La industria alimentaria es uno de los sectores fundamentales de la economía a nivel global. Eso es así por dos razones de peso: la magnitud de la producción y el elevado número de puestos de trabajo que genera. Su actividad descansa plenamente en la producción agrícola, ganadera y pesquera. De manera que si el procesamiento y traslados de los alimentos se ven afectados de manera negativa, por hechos de la naturaleza o de cualquier otro tipo, la industria como un todo se perjudica, al igual que la población consumidora.

Hay, sin embargo, otro aspecto del negocio que también cuenta: las políticas económicas puestas en práctica por los gobiernos de cada país. Si ellas desembocan en hiperinflación, irremediablemente la nación se verá en gran aprieto.

Pues bien, los dos males antes indicados los encontramos presentes hoy en Venezuela. Son verdaderas desgracias para los que acá vivimos. No obstante eso, la dictadura pretende evadir dicha realidad centrando la atención del pueblo en una falacia: el triunfo que consiguió hace un par de semanas al abortar la infausta invasión de “Bahía de Cochinos II”, a la cual dediqué mi artículo del pasado sábado.

Vanas han sido las acciones que ha puesto en práctica la revolución bonita para garantizar la producción agrícola necesaria de nuestro país y satisfacer las necesidades alimentarias del pueblo. Ahí está, por ejemplo, la flamante disposición contenida en el artículo 306 de nuestra refulgente Constitución de la República Bolivariana de Venezuela.

En dicho precepto normativo se establece –palabras más, palabras menos– que el Estado promoverá la agricultura sustentable a fin de garantizar la seguridad alimentaria de la población, la cual debe ser entendida como la plena disponibilidad de alimentos en todo el país y el acceso oportuno y regular a estos por parte de los consumidores.
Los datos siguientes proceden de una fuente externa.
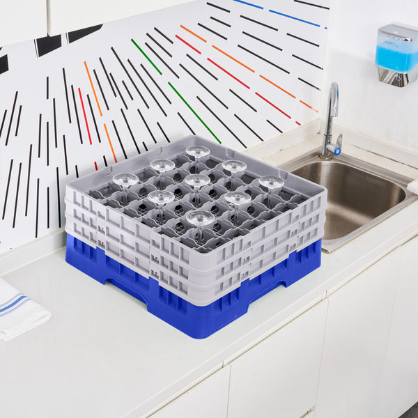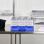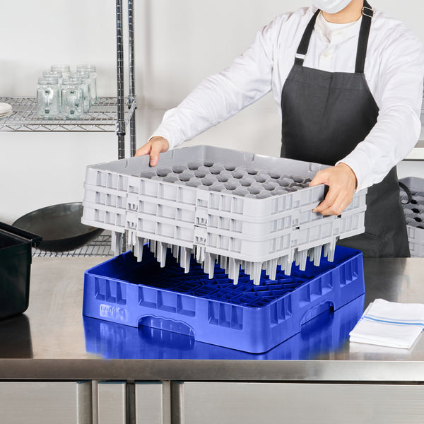 Our Clean Tek Professional Blue Glass Rack is the ultimate solution for organizing your barware with precision and ease. Designed with 49 compartments, this glassware storage rack ensure each glass is securely stored and protected during washing. Featuring a dishwasher rack design, this rack includes a full drop extender and two half drop extenders to accommodate various glass heights effortlessly. Crafted from durable PP material, this compartment rack ensures longevity and resilience in commercial settings. The easy-to-handle design of this rack simplifies transporting and maneuvering, making it a favorite among busy kitchen staff. With open interior compartments, this barware organizer allows for optimal water and air circulation for superior cleaning and drying. Solid external walls provide additional protection, ensuring the safety of your valuable glassware. Measuring 19.69 inches in length by 19.69 inches in width by 8.86 inches in height, this commercial glass rack fits seamlessly into most kitchen spaces. Sold in a 1 count box.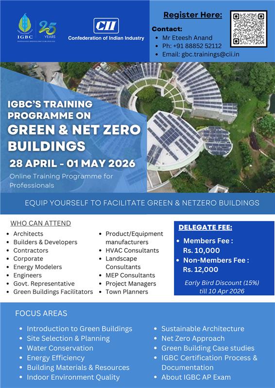 Indian Green Building Council's (IGBC) rating systems launched since 2007 had made rapid strides in the Green Building sector. These rating systems have been successfully applied in India in as many as 18,850+ buildings, till date with a footprint of 15.52 Billion sq.ft. Many Government, corporate, builders & developers in India have taken lead in constructing Green Buildings. With the growing demand for Green Buildings, there is a need to enhance the knowledge of building professionals on Green Building concepts & equip them on the Green Building rating systems.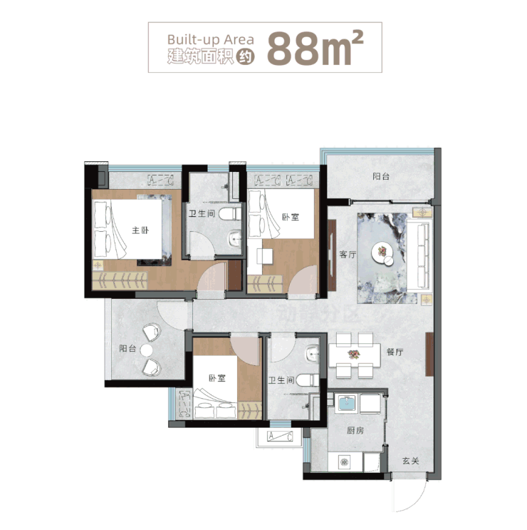 湾区金融城还提供了建面约88平方米的爆款户型,这个户型实现了3房+1灵动空间的设计,非常实用高效。

Se trata, sin duda, de una declaración de principios loable que en el curso de los años ha devenido en letra muerta. Ya para el año 2017, en un estudio de la Organización de las Naciones Unidas para la Alimentación y la Agricultura (FAO por sus siglas en inglés), se puso en evidencia que la proporción de población en situación de hambre en Venezuela había crecido sostenidamente desde 2010 hasta 2017.
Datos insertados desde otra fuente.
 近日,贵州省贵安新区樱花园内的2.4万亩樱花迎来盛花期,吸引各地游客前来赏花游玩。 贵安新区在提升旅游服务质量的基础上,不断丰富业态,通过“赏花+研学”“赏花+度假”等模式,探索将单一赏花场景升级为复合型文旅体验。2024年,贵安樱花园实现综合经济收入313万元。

Hoy el fenómeno es inocultable por las legiones de mendigos de todas las edades que escarban en los recipientes de basura en búsqueda de cualquier desecho de comida. A esa desventura se agrega ahora la falta de gasolina que impide transportar la actual producción alimentaria a mercados, supermercados y centros industriales de procesamiento, lo que puede conducir a una hambruna descomunal.
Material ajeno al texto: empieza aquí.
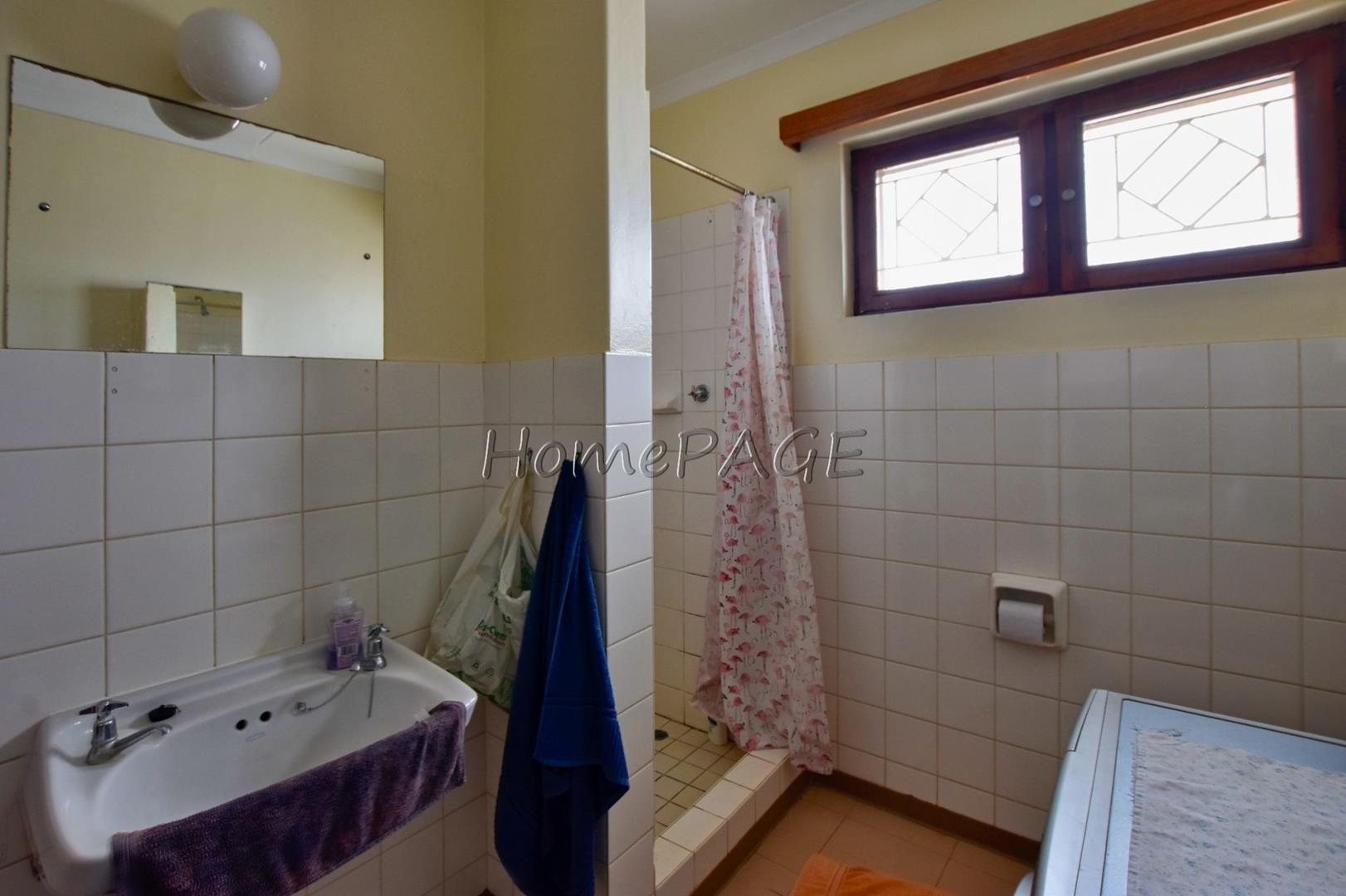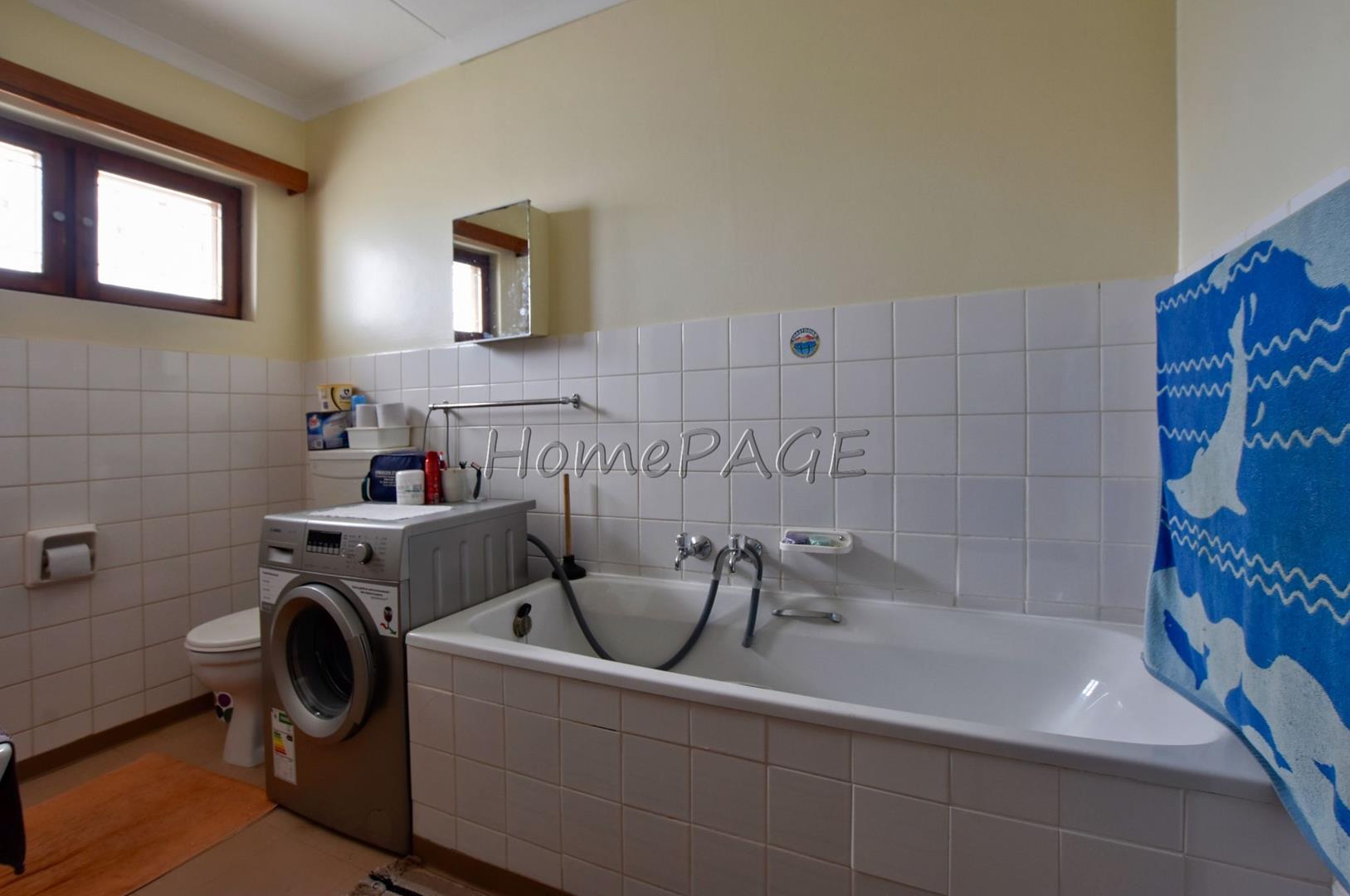 * Bathroom with bath, shower, basin, toilet, and laundry point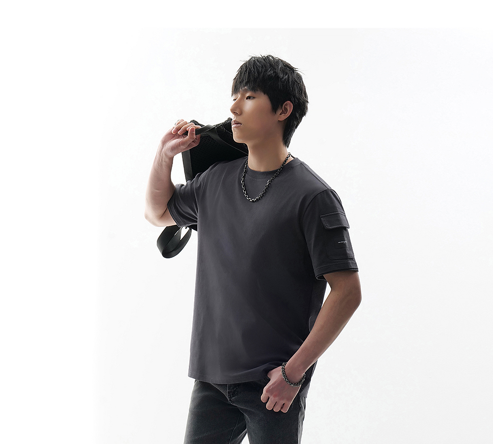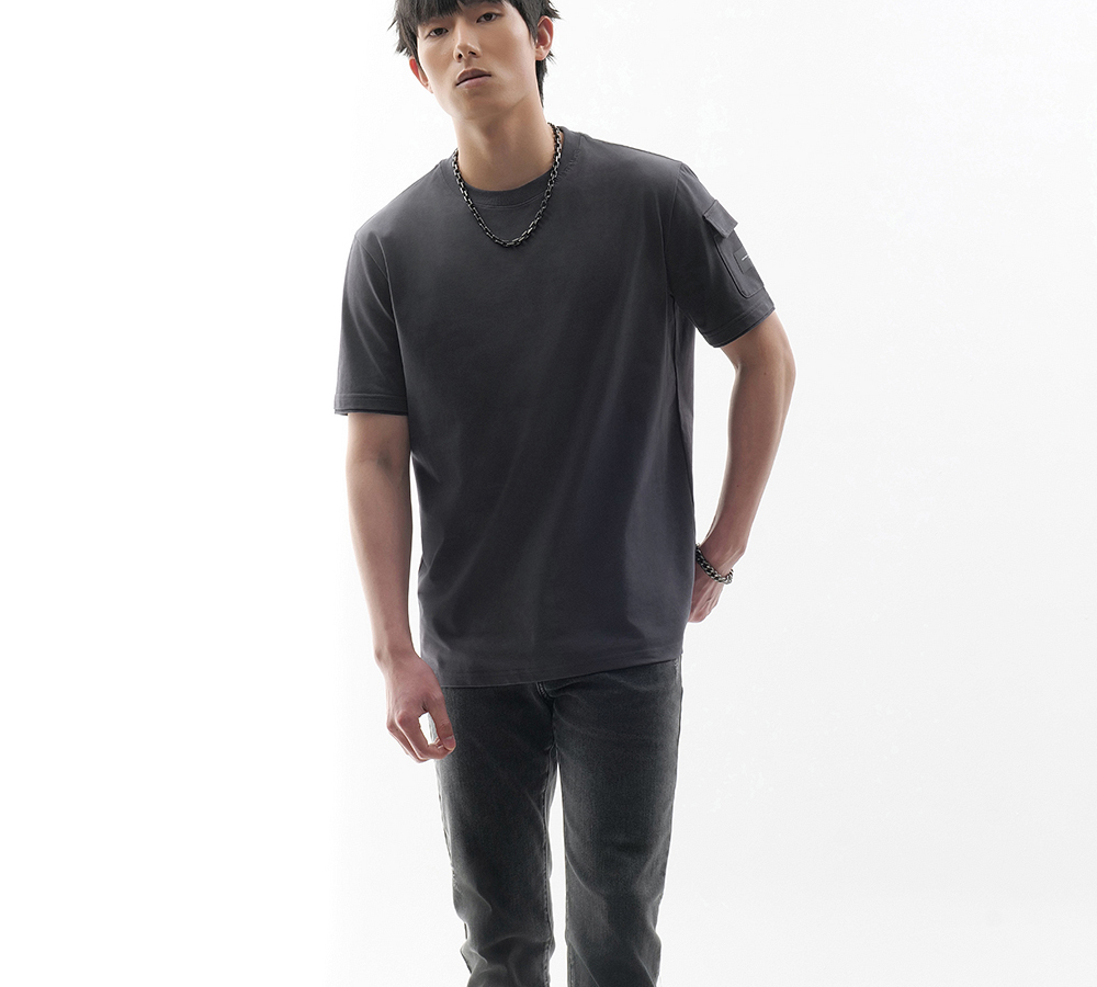 HIM漢崇 立体胶章休闲圆领T恤男士舒适柔软透气百搭上衣 2026夏季

La realidad anterior no es más que la resulta del proceso de destrucción de la industria petrolera (la gallinita de los huevos de oro) que dio al traste con lo único que le generaba una riqueza estable a la dictadura roja primero y al resto del país en un segundo plano. Hoy Petróleos de Venezuela languidece exhausta y su recuperación exige enormes esfuerzos y torrente de dinero que la claque roja no posee ni está en condiciones de recibir de instituciones financieras como el Fondo Monetario Internacional y el Banco Mundial, entre otras.

Tampoco los aliados chinos, rusos e iraníes están dispuestos a proporcionar el apoyo requerido, si no hay el oro, coltán o diamante suficiente para cubrir en especie los costos requeridos por su ayudita. Esa actitud solo se entiende por el arraigo que tiene en la cultura de esos pueblos el sabio principio que postula: “no hay almuerzo gratis”.

Mientras el terrible drama avanza al encuentro de su inexorable destino no es exagerado imaginar la rutina del «supremo» en su guarida secreta, hoy sábado. Se levanta pasadas las 9:00 de la mañana porque anoche estuvo pegado a la pantalla panorámica del televisor de su recinto secreto, viendo la última serie de Netflix. Le despertaron las ganas intensas de comer empanadas en sus variantes más apetecidas: carne mechada, camarón y queso llanero rallado con tajadas.

Toca un timbre y de inmediato se hace presente en su aposento el oficial encargado de la custodia; procede entonces a transmitirle su deseo. Justo cuando el militar da un giro para retirarse le indica que aparte también le sirvan una ración generosa de caraotas negras con un toque de crema de leche, acompañada de chicharrones bien tostaditos, y su imprescindible café Juan Valdez gourmet del Huila. Dirigiendo la mirada hacia el techo blanco impoluto de la habitación, se pasa la mano por la barba hirsuta y agrega: “Que también me sirvan una jarra de batido de guanábana endulzada con azúcar morena; ahora estamos en plena temporada de esa fruta exquisita”.

Al momento en que esos antojos se satisfacen, sin restricción alguna, la vida de nuestro pueblo está hecha un guiñapo. También la revolución experimenta similar degradación: en este instante ella no es más que una noria exhausta que persiste en dar su última vuelta.